Меня обуревало восхищение этой ужасной дерзостью, а оно было вскормлено ужасом безнаказанности, с которой лгали директор и его люди. Нас учили воодушевлённо петь о светлом будущем, о счастье, о благодарности стране: я смотрел на бодрые в их честной фальши лица воспитателей и в мгновенной яркости воспоминания видел нашу палату. Воспитатель, молодой парень, выключил свет и приказал «отвернуться и спать». На койке рядом с моей он занялся с искушённым мальчиком и после процедуры невозмутимо кинул на спинку кровати его полотенце, посредством которого только что обошёлся со своей телесной принадлежностью.

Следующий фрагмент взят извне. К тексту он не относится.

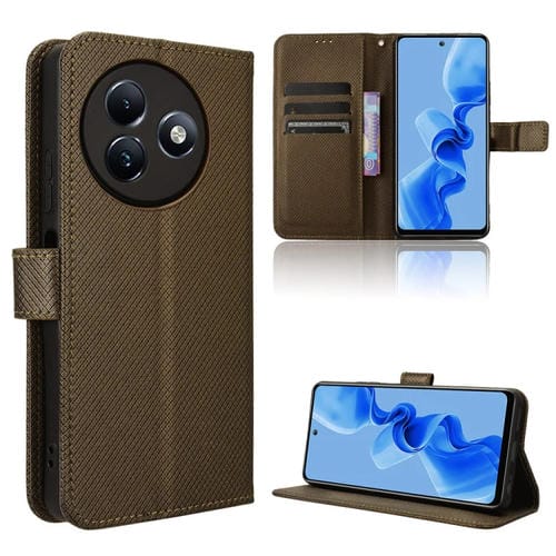 Funda de Cuero para Itel S24 4G con Textura de Diamante (Marrón)

Меня поражало, какими неуязвимо-правдивыми умели выглядеть этот человек и другие воспитывающие, наказывая нас за иной ничтожно-мелкий проступок.
Среди мальчиков и девочек постарше, пусть полупарализованных, хроменьких, горбатых, оказывались готовые к нарушению — по серьёзности второму после докуривания подобранных окурков. Со всей хитростью и осторожностью пары проникали в загромождённые швабрами, мётлами и прочим инвентарём подсобки, в другие закоулки корпуса. И время от времени гвалт возвещал, что предающиеся пороку накрыты.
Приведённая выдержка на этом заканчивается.